Solid-head dead-blow hammers are usually made of rubber or resilient plastic (such as ultra high molecular weight plastic, UHMW) and rely on the inherent properties of the material to absorb shock and reduce rebound. Commonly constructed of polyurethane, dead-blow hammers regularly appear in solid orange or black. Composite heads and fiberglass handle models are also available, with optional shock-absorbent rubber grips. A variant design omits the handle entirely; the dead-blow head is gripped directly in the hand, for use in tight locations.

Some dead-blow hammers have replaceable striking faces, attached by screwing or pressing them into place on the main body of the hammer. These replaceable inserts allow selection of the appropriate hardness for the striking face to reduce damage to an object being hammered, while optimizing the energy transfer of impact. Also, worn or damaged inserts can be replaced without discarding the entire handtool.

Principle of operation

In a conventional solid-head hammer, the force of the entire solid mass of the head is delivered at the moment of impact. Compared to a conventional hammer of similar weight, a dead-blow hammer conveys less peak force, spread over a longer time.

At the moment the face of the hammer head contacts the surface being struck, the sand or shot within the head is effectively trailing it (due to inertia, it is collected at the opposite end of the head). The force imparted by this additional loose mass within the head is not imparted to the struck surface at the moment of contact. Instead, this force is spread out over some period of time, as the sand or shot descends to fill the "face" end of the head. Such a blow is less "sharp" than that of the conventional hammer and feels more "dead" (less elastic rebound) to the user, hence the name.

Applications
In automotive repair, dead-blow hammers are commonly used for chassis work, dislodging stuck parts and sometimes used for hubcap installation and removal (e.g. knock-off hubs). They can be used to pop out small dents when doing auto body repair.
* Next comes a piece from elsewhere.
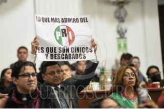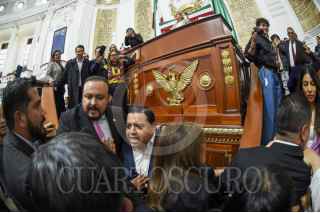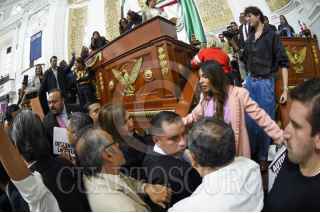 CIUDAD DE MÉXICO, 15DICIEMBRE2025.- Diputados de Morena protagonizaron un zafarrancho en la tribuna del Congreso de la Ciudad de México cuando intentaron bajar a los diputados del PAN que la habían tomado, al calor de la discusión de la desaparición de INFO CDMX, tras los jalones de pelo, los legisladores morenistas trasladaron la sesión a su sede alterna del Zócalo. FOTO: ARTURO JIMÉNEZ/CUARTOSCURO.COM

They allow controlled use of impact force when performing engine or transmission repair.

In maintenance of hydraulic machinery and aerospace work, dead-blow hammers are useful in freeing stuck cylinders without damaging their precision-formed surfaces or any nearby bearings.

Dead-blow hammers are used in woodworking to knock joints together or apart without denting the wood pieces being worked on.

In metalworking, a dead-blow hammer can be used to properly seat the workpiece against parallels in a machine vise.

Dead-blow hammers are sometimes used in orthopedic surgical procedures. The tools are also used in telecommunications to form large diameter cables within cable runs.

Deadblow mallets are also used in the installation of commercial and residential slab marble and granite applications.